It is worth noting that, within a more general latent state framework (e.g. the models proposed by Redish et al., 2007; Gershman et al., 2017), prediction errors produced by context changes may well contribute to the process that determines the location of newly encoded information. In that case, the prediction error produced by combining a shift in shock intensity with a shift in physical context would be sufficient to cause state-splitting, resulting in the gradual extinction experience being encoded in a separate state. Thus, from this perspective, shifting the physical context between conditioning and extinction, should not only attenuate the effectiveness of gradual extinction: it should produce the opposite effect, resulting in higher levels of spontaneous recovery relative to the case where there had been no context shift.

Experiment 5 tested these differing predictions by combining gradual extinction with a shift in the physical context. Subjects received conditioning in either context A or context B (see Figure 4A for design). Next, rats in both groups received either standard or gradual extinction in context A. Finally, all rats were tested for spontaneous recovery in context A. Thus, all extinction and testing were conducted in the same context, rats only differed on their extinction treatment (gradual or standard) and conditioning context (A - ‘same’ context as extinction; B - ‘different’ context to that of extinction).
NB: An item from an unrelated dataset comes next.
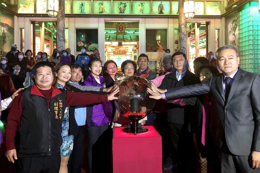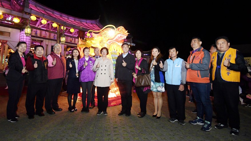 [新媒社 記者黃嘉雯/彰化報導] 「2020彰化月影燈季」,在八卦山大佛前廣場設置玻璃製成的「吉祥火麒麟」主燈,祈求國泰民安、風調雨順,展後特別轉贈給台灣護聖宮,台灣護聖宮於3月28日(農曆三月五日)晚間7:30舉行「台灣護聖宮入火安座九周年慶暨火麒麟點燈儀式」,彰化縣長王惠美應邀與會,與主辦單位台明將企業股份有限公司董事長林肇睢、總經理林肇騫等人一起為吉祥火麒麟玻璃花燈點燈啟用。

Figure 4D shows mean freezing (±SEM) across the final session of extinction (left) and the spontaneous recovery test (right). One rat from Group Gradual was removed from the analysis due to abnormally high freezing at the test (over 2 SDs when included in the average and 4 SDs when left out). Importantly, the inclusion/removal of this rat did not change the pattern of statistical difference between groups. In the final session of extinction, there was no significant difference in CS freezing between rats exposed to gradual or standard extinction (i.e. extinction type), no significant difference in CS freezing between rats extinguished in the same context as conditioning versus rats extinguished in a different context (i.e. conditioning location), and no significant interaction between these factors (Fs<1). In the spontaneous recovery test, the level of CS freezing did not significantly differ in terms of extinction type or extinction location (Fs <2). However, there was a significant interaction between extinction type and extinction location (F1,28=5.827,p=0.025,d=1.260,95%CI[0.129,1.578]). From inspection of Figure 4D, the interaction was due to gradual extinction producing less spontaneous recovery than standard extinction when conditioning and extinction occurred in the same context; but more spontaneous recovery than standard extinction when conditioning and extinction occurred in different contexts. Thus, a shift in physical context between conditioning and extinction reversed the advantage of gradual extinction over standard extinction. The implication for latent state models is that combining the reduction in shock intensity with a change in context produced a prediction error sufficiently large to cause state-splitting. Thus, rats exposed to this combination (Group Gradual-Different) exhibited more freezing to the CS at the test than their standardly extinguished counterparts as the CS-shock experiences are likely to have been represented in multiple states of memory. More generally, these results support a view that physical context influences the process of state-splitting, which does not accord with the role afforded to context in the Cochran and Cisler, 2019 model.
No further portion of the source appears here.